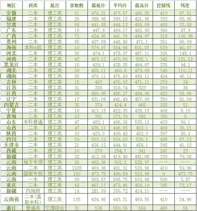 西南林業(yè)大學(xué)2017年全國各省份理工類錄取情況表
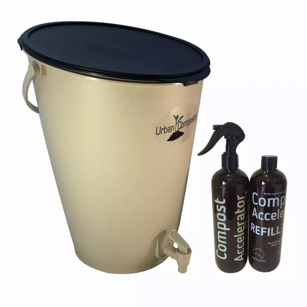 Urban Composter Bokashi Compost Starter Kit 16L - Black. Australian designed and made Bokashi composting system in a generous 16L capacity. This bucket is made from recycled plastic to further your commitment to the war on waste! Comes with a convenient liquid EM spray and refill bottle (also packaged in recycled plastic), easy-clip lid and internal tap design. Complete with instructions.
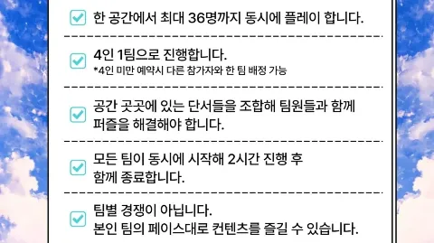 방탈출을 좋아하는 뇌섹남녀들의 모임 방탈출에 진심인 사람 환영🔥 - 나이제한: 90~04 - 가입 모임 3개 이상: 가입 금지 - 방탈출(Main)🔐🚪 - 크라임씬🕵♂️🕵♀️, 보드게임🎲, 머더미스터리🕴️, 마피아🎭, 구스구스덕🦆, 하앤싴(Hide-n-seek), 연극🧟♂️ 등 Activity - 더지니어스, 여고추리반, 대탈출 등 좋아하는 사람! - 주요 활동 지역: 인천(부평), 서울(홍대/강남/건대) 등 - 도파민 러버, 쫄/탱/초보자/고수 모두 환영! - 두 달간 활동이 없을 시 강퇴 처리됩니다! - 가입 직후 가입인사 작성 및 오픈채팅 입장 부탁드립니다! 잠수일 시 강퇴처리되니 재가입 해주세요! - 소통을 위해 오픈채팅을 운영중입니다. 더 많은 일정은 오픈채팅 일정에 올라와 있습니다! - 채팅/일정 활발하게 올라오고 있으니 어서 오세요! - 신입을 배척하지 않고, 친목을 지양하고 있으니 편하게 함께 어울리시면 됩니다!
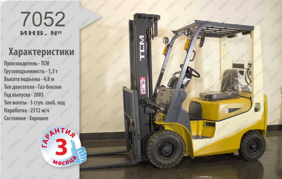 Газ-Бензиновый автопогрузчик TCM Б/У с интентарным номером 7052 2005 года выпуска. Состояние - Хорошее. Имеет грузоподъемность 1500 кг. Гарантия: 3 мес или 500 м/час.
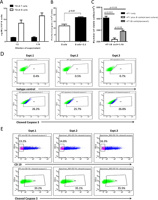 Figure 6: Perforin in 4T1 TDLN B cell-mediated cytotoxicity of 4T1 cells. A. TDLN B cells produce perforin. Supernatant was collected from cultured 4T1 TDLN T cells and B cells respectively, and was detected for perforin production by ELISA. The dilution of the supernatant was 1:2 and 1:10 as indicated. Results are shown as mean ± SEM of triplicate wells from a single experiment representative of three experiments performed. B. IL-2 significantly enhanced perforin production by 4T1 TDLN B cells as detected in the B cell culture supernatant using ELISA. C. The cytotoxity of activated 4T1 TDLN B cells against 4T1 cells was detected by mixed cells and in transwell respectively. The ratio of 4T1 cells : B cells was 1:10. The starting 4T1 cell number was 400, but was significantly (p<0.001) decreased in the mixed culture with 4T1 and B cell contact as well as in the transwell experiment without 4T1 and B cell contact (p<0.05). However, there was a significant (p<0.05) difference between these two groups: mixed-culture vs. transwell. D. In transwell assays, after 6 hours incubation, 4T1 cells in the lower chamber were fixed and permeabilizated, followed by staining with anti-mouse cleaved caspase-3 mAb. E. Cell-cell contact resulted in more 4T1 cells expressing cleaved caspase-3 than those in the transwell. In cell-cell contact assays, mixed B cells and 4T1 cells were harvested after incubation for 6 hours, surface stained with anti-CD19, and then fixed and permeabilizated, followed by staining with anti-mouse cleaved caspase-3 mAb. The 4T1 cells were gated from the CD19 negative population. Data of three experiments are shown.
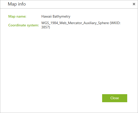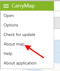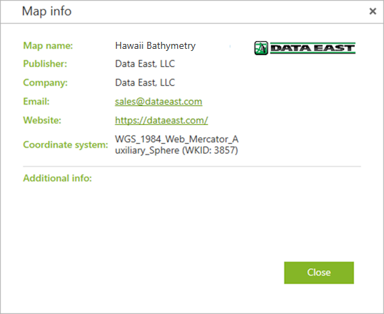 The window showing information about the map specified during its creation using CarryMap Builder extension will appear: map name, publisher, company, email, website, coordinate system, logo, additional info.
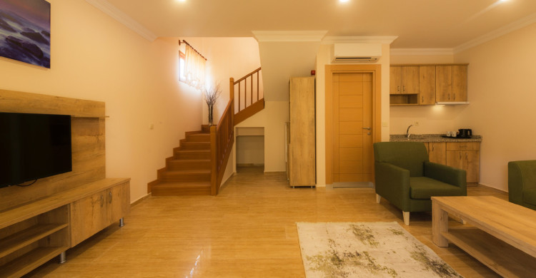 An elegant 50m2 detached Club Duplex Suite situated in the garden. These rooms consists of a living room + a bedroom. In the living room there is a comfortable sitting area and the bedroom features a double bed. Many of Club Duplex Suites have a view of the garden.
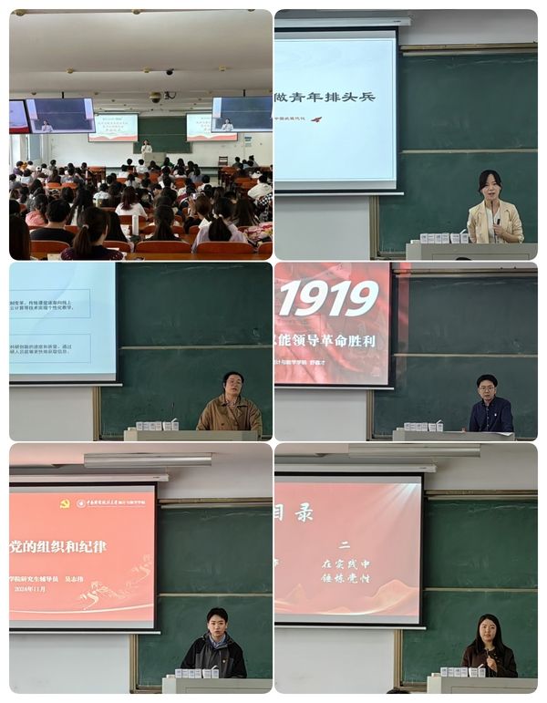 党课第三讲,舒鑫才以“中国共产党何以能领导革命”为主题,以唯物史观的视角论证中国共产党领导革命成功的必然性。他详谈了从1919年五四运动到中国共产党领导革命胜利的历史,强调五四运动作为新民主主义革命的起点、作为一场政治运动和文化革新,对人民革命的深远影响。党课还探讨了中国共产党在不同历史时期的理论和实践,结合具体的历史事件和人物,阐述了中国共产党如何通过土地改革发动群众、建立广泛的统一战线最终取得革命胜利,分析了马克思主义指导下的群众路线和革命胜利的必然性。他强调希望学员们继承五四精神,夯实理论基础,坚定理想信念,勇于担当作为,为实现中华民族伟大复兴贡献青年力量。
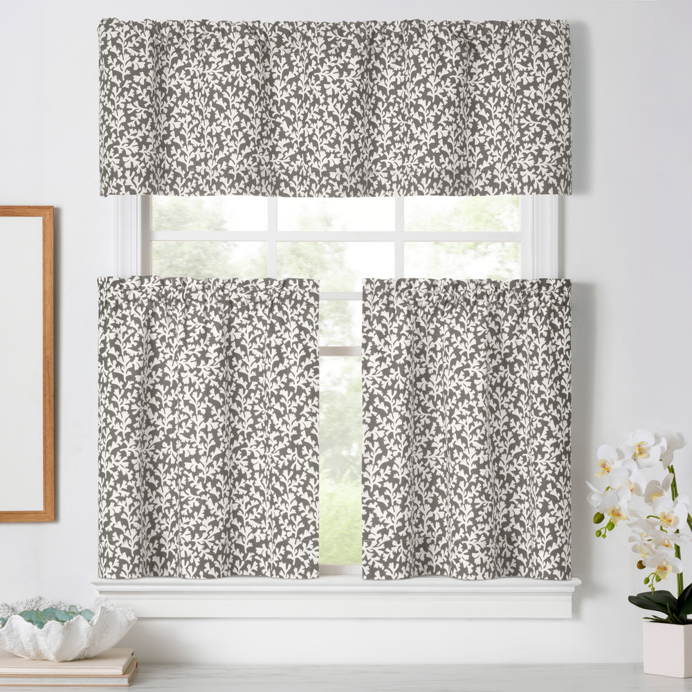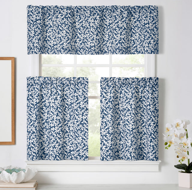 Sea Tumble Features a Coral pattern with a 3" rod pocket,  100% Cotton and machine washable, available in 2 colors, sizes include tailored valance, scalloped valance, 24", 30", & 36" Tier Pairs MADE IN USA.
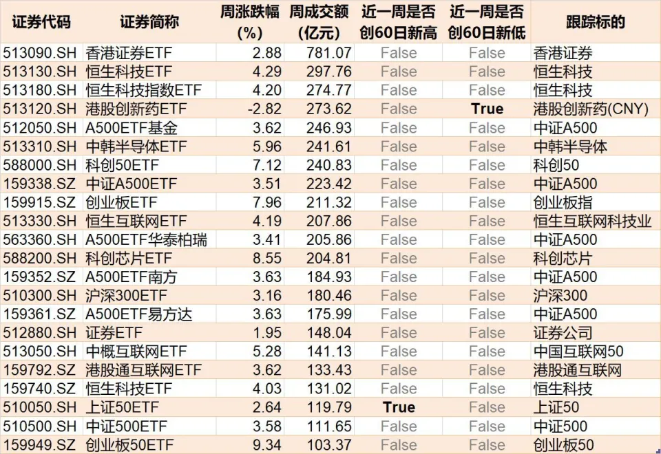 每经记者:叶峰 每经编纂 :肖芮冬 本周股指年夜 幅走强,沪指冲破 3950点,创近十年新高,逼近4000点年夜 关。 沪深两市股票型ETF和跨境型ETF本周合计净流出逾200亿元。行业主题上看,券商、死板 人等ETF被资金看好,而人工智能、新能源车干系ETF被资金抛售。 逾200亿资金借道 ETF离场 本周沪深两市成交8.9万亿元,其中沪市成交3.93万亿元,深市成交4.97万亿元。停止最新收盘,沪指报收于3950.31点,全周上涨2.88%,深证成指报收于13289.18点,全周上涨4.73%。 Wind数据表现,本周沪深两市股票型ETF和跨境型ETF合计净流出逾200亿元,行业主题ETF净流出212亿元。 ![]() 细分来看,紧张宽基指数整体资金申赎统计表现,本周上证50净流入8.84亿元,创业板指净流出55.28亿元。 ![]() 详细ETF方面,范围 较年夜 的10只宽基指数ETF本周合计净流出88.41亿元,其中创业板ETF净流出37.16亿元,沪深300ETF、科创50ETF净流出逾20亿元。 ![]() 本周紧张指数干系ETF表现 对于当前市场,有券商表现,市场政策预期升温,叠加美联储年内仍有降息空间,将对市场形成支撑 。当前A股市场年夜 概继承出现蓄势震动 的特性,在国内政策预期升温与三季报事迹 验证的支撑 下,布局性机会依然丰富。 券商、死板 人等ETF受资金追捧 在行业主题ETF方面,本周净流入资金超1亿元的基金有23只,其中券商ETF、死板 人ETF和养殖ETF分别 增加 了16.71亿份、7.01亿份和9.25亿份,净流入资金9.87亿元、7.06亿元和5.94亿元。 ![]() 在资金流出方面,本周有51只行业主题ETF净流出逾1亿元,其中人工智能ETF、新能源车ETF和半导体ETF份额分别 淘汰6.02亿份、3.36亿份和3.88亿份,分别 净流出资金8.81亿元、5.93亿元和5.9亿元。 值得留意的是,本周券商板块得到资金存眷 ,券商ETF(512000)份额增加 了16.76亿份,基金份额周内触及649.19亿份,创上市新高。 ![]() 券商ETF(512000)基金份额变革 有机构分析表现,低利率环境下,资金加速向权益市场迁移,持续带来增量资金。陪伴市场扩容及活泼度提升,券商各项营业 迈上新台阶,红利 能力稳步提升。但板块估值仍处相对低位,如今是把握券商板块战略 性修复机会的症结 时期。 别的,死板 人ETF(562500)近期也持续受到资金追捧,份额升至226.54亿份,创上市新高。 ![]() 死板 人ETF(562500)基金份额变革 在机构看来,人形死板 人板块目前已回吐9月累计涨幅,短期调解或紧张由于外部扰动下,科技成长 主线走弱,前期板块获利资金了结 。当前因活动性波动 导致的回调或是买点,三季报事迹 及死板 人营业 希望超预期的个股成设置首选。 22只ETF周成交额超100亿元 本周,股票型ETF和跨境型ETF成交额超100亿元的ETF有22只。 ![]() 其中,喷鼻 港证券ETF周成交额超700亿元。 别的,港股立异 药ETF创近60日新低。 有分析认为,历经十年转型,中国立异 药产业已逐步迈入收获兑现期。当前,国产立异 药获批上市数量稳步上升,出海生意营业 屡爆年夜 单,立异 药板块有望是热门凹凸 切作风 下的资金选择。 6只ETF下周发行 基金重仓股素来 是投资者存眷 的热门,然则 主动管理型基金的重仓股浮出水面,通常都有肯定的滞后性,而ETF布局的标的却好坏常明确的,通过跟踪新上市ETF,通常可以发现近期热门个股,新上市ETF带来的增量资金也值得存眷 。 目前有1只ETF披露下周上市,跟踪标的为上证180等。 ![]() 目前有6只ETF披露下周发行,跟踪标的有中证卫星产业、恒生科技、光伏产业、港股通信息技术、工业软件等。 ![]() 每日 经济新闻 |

▶ **PROBLEM DESCRIPTION**: Repeat, exactly and in full, each line from the start of the data to the line that contains "Газ-Бензиновый автопогрузчик TCM". Pictures do not go in.

▶ **EXERCISE ANSWER**:
 西南林業(yè)大學(xué)2017年全國各省份理工類錄取情況表
 Urban Composter Bokashi Compost Starter Kit 16L - Black. Australian designed and made Bokashi composting system in a generous 16L capacity. This bucket is made from recycled plastic to further your commitment to the war on waste! Comes with a convenient liquid EM spray and refill bottle (also packaged in recycled plastic), easy-clip lid and internal tap design. Complete with instructions.
 방탈출을 좋아하는 뇌섹남녀들의 모임 방탈출에 진심인 사람 환영🔥 - 나이제한: 90~04 - 가입 모임 3개 이상: 가입 금지 - 방탈출(Main)🔐🚪 - 크라임씬🕵♂️🕵♀️, 보드게임🎲, 머더미스터리🕴️, 마피아🎭, 구스구스덕🦆, 하앤싴(Hide-n-seek), 연극🧟♂️ 등 Activity - 더지니어스, 여고추리반, 대탈출 등 좋아하는 사람! - 주요 활동 지역: 인천(부평), 서울(홍대/강남/건대) 등 - 도파민 러버, 쫄/탱/초보자/고수 모두 환영! - 두 달간 활동이 없을 시 강퇴 처리됩니다! - 가입 직후 가입인사 작성 및 오픈채팅 입장 부탁드립니다! 잠수일 시 강퇴처리되니 재가입 해주세요! - 소통을 위해 오픈채팅을 운영중입니다. 더 많은 일정은 오픈채팅 일정에 올라와 있습니다! - 채팅/일정 활발하게 올라오고 있으니 어서 오세요! - 신입을 배척하지 않고, 친목을 지양하고 있으니 편하게 함께 어울리시면 됩니다!
 Газ-Бензиновый автопогрузчик TCM Б/У с интентарным номером 7052 2005 года выпуска. Состояние - Хорошее. Имеет грузоподъемность 1500 кг. Гарантия: 3 мес или 500 м/час.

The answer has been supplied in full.